There are several reasons for the capacity problems, on top of the surge in COVID patients, he said.

"We have lost 500 inpatient beds over the course of the pandemic because of staffing challenges,” Walsh testified. “There are simply not enough workers to care for the patients and to perform daily operations within our facilities.”

That’s a national problem, he said, and it includes staff from across hospitals, from nurses to administrative staff.

“Any position that you look at within a facility is in need,” he said. “And after two years of fighting this virus, our caregivers are simply exhausted."

Also, Walsh said, there are more patients in the hospital now for non-COVID reasons, because they deferred care for other health problems as a result of the pandemic.

“Now these folks are coming back to the hospital and they are really sick,” he said. “The care is really complex and the wait time is longer than it's ever been before ... and it makes it harder to get them through the process and ultimately discharge them.”

Another problem making it harder to move patients out of hospitals, he said, is an “incredibly acute” staffing shortage in emergency transportation.

“So as we look to transition people home or to an post-acute setting or to a long term rehabilitative facility, it's harder to move them and that slows the whole flow,” Walsh said. “And then people back up to the [emergency department]. And these pressures will continue.”

Shortages in the system for treating psychiatric patients are also causing a backup in emergency rooms, Walsh said.

"The behavioral health challenge is the epidemic within the pandemic,” he said. “There are more patients that are seeking psychiatric care right now and overloading hospital emergency departments than we have ever seen before.”

There were 620 patients in Massachusetts hospital beds waiting for a placement in an inpatient psychiatric setting as of Dec. 6, Walsh testified. That will be somewhat alleviated, he said, by 300 additional behavioral health beds that are being set up with new state funding. And beginning this week, he added, temporary behavioral health workers will be contracted to help meet the state’s demand.

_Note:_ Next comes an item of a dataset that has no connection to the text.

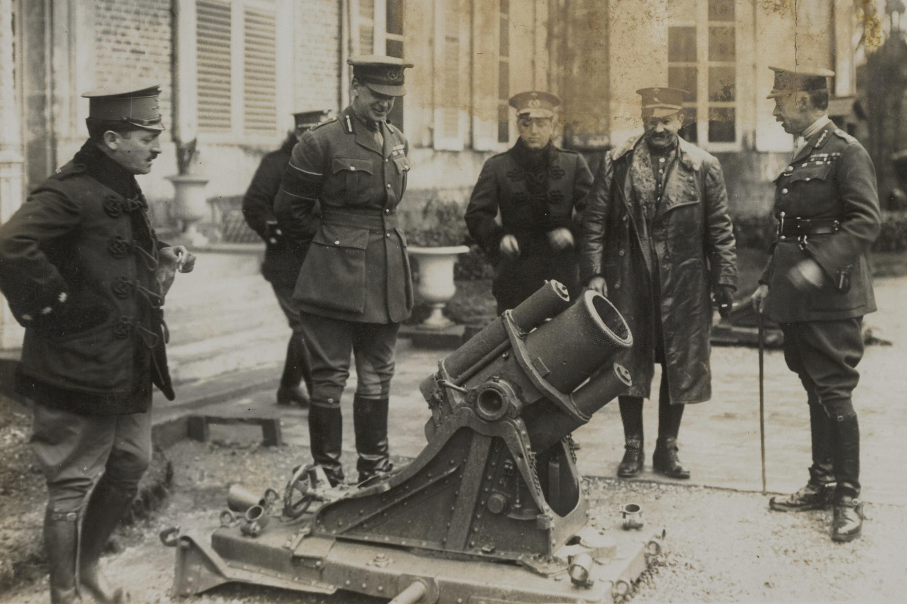 Henry Rawlinson (zcela vpravo) patřil k hlavním představitelům britské armády. Na snímku se španělskými důstojníky, jimž ukazuje ukořistěný německý minomet. (foto: Wikimedia Commons, Nationaal Archief, CC0 1.0)

When asked by state Sen. Cindy Friedman what the Legislature could do to help hospitals, Walsh said some health care workers are concerned they no longer have the same protection from liability that they were granted early in the pandemic.

“You do have frontline workers that are getting increasingly nervous as numbers are increasing in their emergency departments and within their units, that they don't have the same protection they had when they were seeing multiple patients on various care teams, sometimes working out of their trained area in order to help the whole team, sometimes being retrained to work in a facility that might be outside of the hospital,” he said.

New state legislation, he said, could provide healthcare workers with a reassurance that they can work under these unusual conditions.